149 N.E. 894 | Ind. | 1925
The appellant was found guilty of criminal conspiracy to commit a felony. The charge was made pursuant to § 2882 Burns 1926, § 2647 Burns 1914, which provides as follows: "Any person or persons who shall unite or combine with any other person or persons for the purpose of committing a felony, within or without this state; or any person or persons who shall knowingly unite with any other person or *107 persons, body, association, or combination of persons, whose object is the commission of a felony or felonies, within or without this state shall on conviction be fined not less than twenty-five dollars nor more than five thousand dollars, and be imprisoned in the State Prison not less than two years nor more than fourteen years." The purposed felony was perjury as defined by § 2576 Burns 1926, § 2375 Burns 1914.

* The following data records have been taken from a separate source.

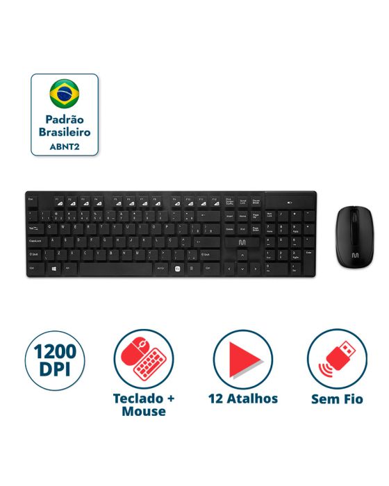 Características:- Conjunto sem fio com design flutuante e ergonomia avançada: O Kit Teclado e Mouse Sem Fio TC251 da Multilaser foi desenvolvido para oferecer praticidade, conforto e alto desempenho em ambientes corporativos, home office ou uso doméstico. Seu design ergonômico com teclas flutuantes garante uma experiência de digitação precisa e agradável ao longo do dia.- Tecnologia Plug and Play: Pronto para uso imediato, o kit conta com conexão sem fio via receptor USB 2.4GHz, dispensando instalação de drivers. Compatível com os principais sistemas operacionais do mercado: Windows, Linux e macOS.- Teclado com teclas de atalho multimídia: Com 107 teclas e 12 atalhos multimídia, o teclado proporciona maior agilidade nas tarefas do dia a dia, permitindo acesso rápido a funções como volume, navegador e e-mail.- Mouse com alta precisão e controle suave: Com resolução de 1200 DPI e 3 botões, o mouse garante navegação fluida e responsiva. O formato ergonômico favorece o uso prolongado com conforto e precisão.- Alimentação de longa duração: O kit é alimentado por 1 pilha AA (mouse) e 1 pilha AAA (teclado), com autonomia estimada de até 7 meses para o mouse e 10 meses para o teclado. Pilhas não inclusas.- Marca e confiabilidade: Com foco em inovação e usabilidade, os produtos Multi são desenvolvidos para facilitar o dia a dia, sempre com atenção à segurança, eficiência e custo-benefício.Dimensões do teclado:Comprimento: 43,21cm;Largura: 13,86cm;Altura: 2,2cm;Peso: 374g.Dimensões do mouse:Comprimento: 11,37cm;Largura: 6,14cm;Altura: 3,63cm;Peso: 64g.- Conteúdo da embalagem: 1 Teclado sem fio, 1 Mouse sem fio, 1 Receptor USB, 1 Guia rápido.- Garantia do fornecedor: 3 anos contra defeitos de fabricação.* As especificações podem ser alteradas sem aviso prévio ** Imagem meramente ilustrativa.
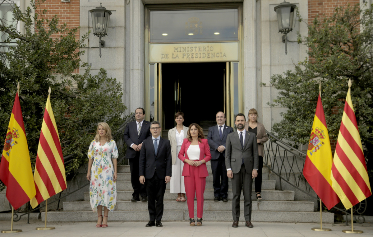 La tercera reunió de la taula de diàleg ja ha començat. Els i les representants de la Generalitat i la Moncloa es reuneixen des d’aquest dimecres a les 10 hores al Ministeri de la Presidència, en la represa de les negociacions entre els dos executius. El Govern el representen la consellera Laura Vilagrà i el conseller Roger Torrent -els dos noms fixes-, i s’hi han sumat Joan Ignasi Elena i Natàlia Garriga. El govern espanyol repetirà la delegació, formada per Félix Bolaños, Yolanda Díaz, Miquel Iceta i Isabel Rodríguez. De la reunió s’espera que en pugui sortir un document per rubricar els “acords”. Després de la trobada, Vilagrà i Bolaños atendran la premsa, per separat.
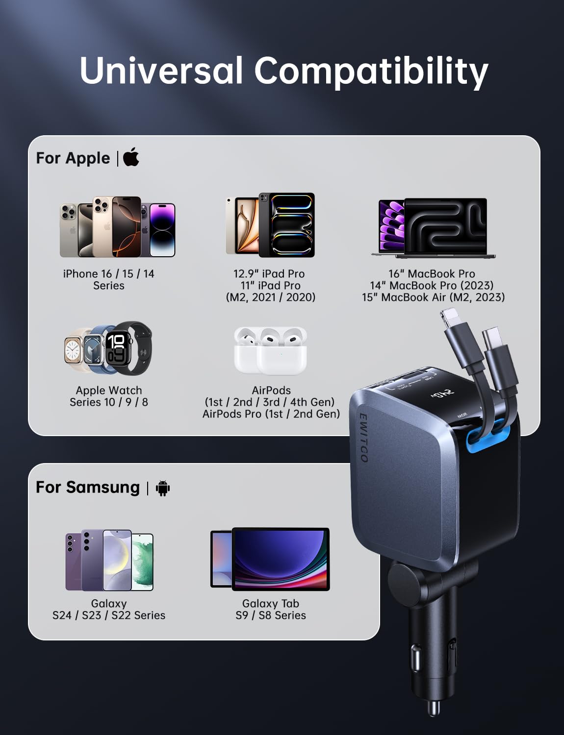 - Sustainable and Reliable: EWITGO prioritizes eco-friendly practices while delivering durable, long-lasting products. The EWITGO retractable fast car charger reduces the need for frequent replacements, making it a sustainable choice for those seeking a car charger with different charging ports. Whether you're shopping for car gifts for men or reliable semi truck accessories, this charger is built to last
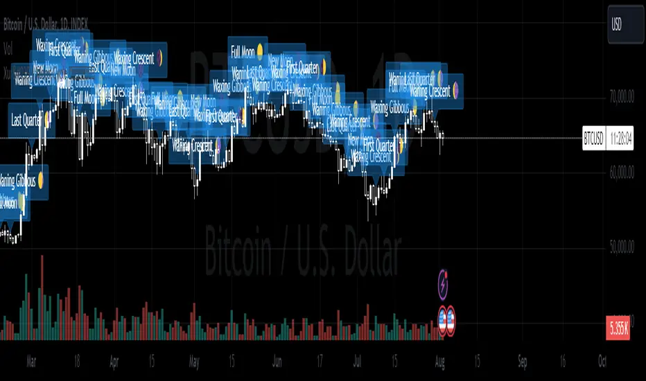 Quick Indicator that converts UNIX time into the current Julian Date then works out the current moon cycle and plots it on the chart.
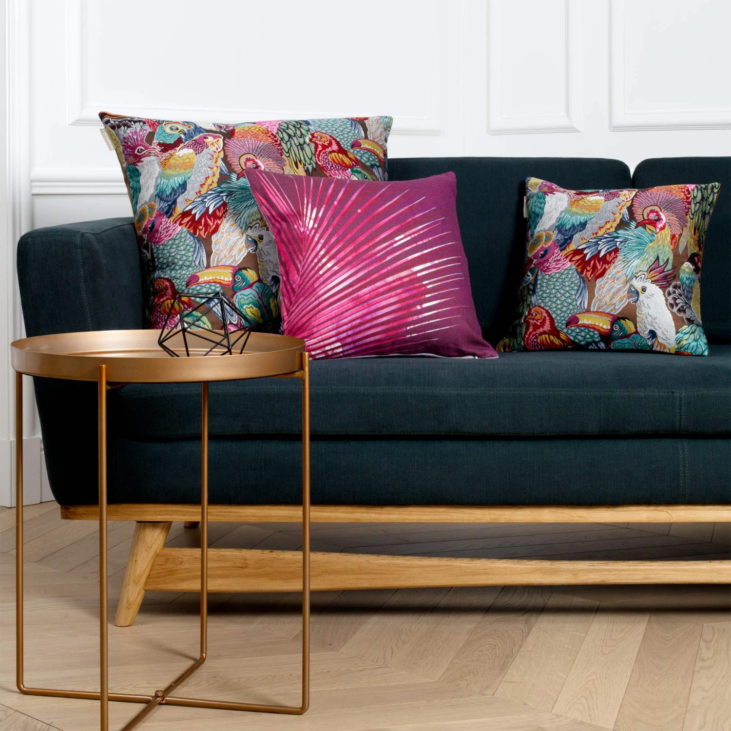 Entièrement revêtue d’un jacquard effet tapisserie , la housse de coussin Jungle birds donne de la singularité à votre intérieur. Les perroquets en seront la vedette incontestable.
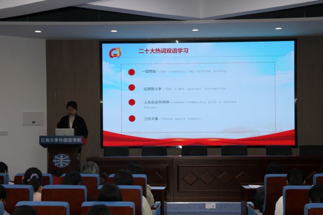 首先,英语2101班团支书柏晶同学通过解读二十大报告向大家讲述了时代赋予青年人怎样的时代使命,以及作为新时代的青年应如何推进文化自信自强,铸就社会主义文化新辉煌。她指出,我们作为william威廉中文官网的员工,可以通过“用英文讲党史、分享抗疫故事、翻译中国著作”等方法传播中国声音,传承外语人的使命。
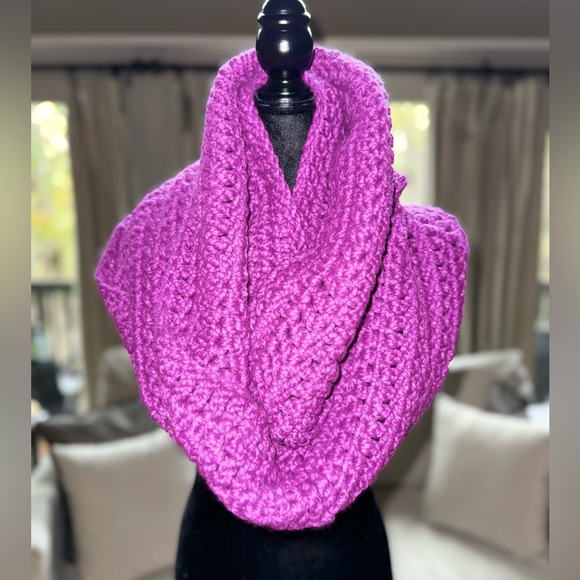 When your hobby becomes a habit! E.C.C. infinity scarves are handmade with love. It can be worn in many ways and is great for keeping warm in cold weather. Composition: 80% acrylic, 20% wool (wheat - 86% acrylic, 10% wool, 4% rayon). Care: Machine wash and dry. Sales are final for sanitary reasons. (12)
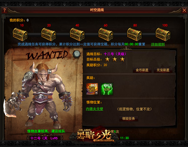 由于时空错乱,不同级别的罪犯都开始趁机在各时空中流窜。为了将一些高级的罪犯绳之以法,时空通缉开启更高额的悬赏。达到80级以上的玩家可来到纳杰夫荒漠和内德夫戈壁来寻找通缉犯,将罪犯捉拿归案可得到大量赏金和经验。
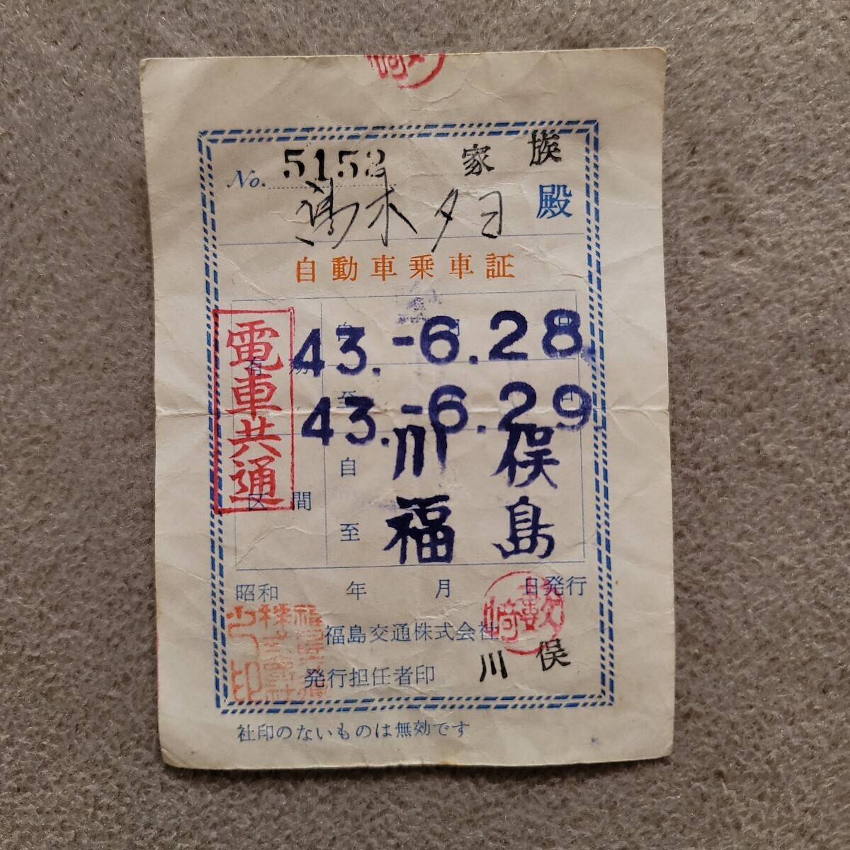 - 福島交通 昭和43年 川俣~福島 自動車乗車券 当時物
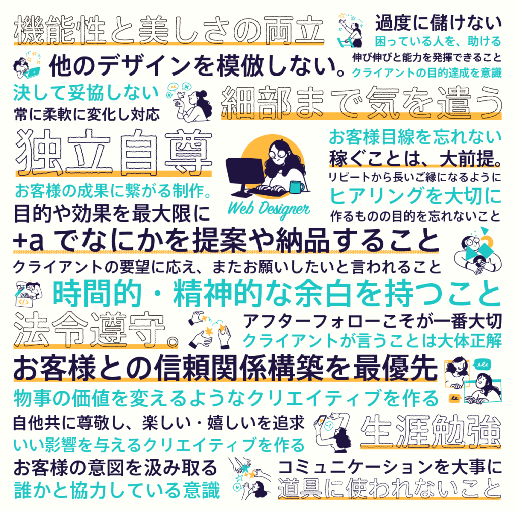 前回、Webデザイナーの皆さんから『仕事の信念』について回答いただき、以下のような素敵なコメントをたくさんいただきました。これらの素敵な信念たちの背景には、上記のような様々な苦労やドラマがあったのだろう…と想像が容易いですね。

A motion was made to quash the affidavit for the reason that the facts stated therein do not constitute a public offense and for the further reason that the affidavit does not state the offense with sufficient certainty.
It is necessary in an affidavit under this section to specify the felony which was purposed and the affidavit under such section to be sufficient must be as specific and full as an 1. affidavit charging the commission of such felony itself. Landringham v. State (1874),
The charge against the defendant in this case is conspiracy to commit the crime of perjury, and, to make the affidavit sufficient, the charge of perjury must be as complete as 2. though the defendant himself was charged with the crime of perjury, and the negation of facts on which the perjury is predicated must be as broad as the facts alleged on which the charge of perjury itself is based. Stefani v. State (1890),
The appellant claims there is no allegation in the affidavit that the appellant and John Hanaway knew at the time of the formation of the conspiracy as alleged in the affidavit that the testimony of Hanaway was to be false. Nor does the affidavit allege that Hanaway knew at the time he testified that what he was testifying to was false. The appellant's contentions are not sustained by the record.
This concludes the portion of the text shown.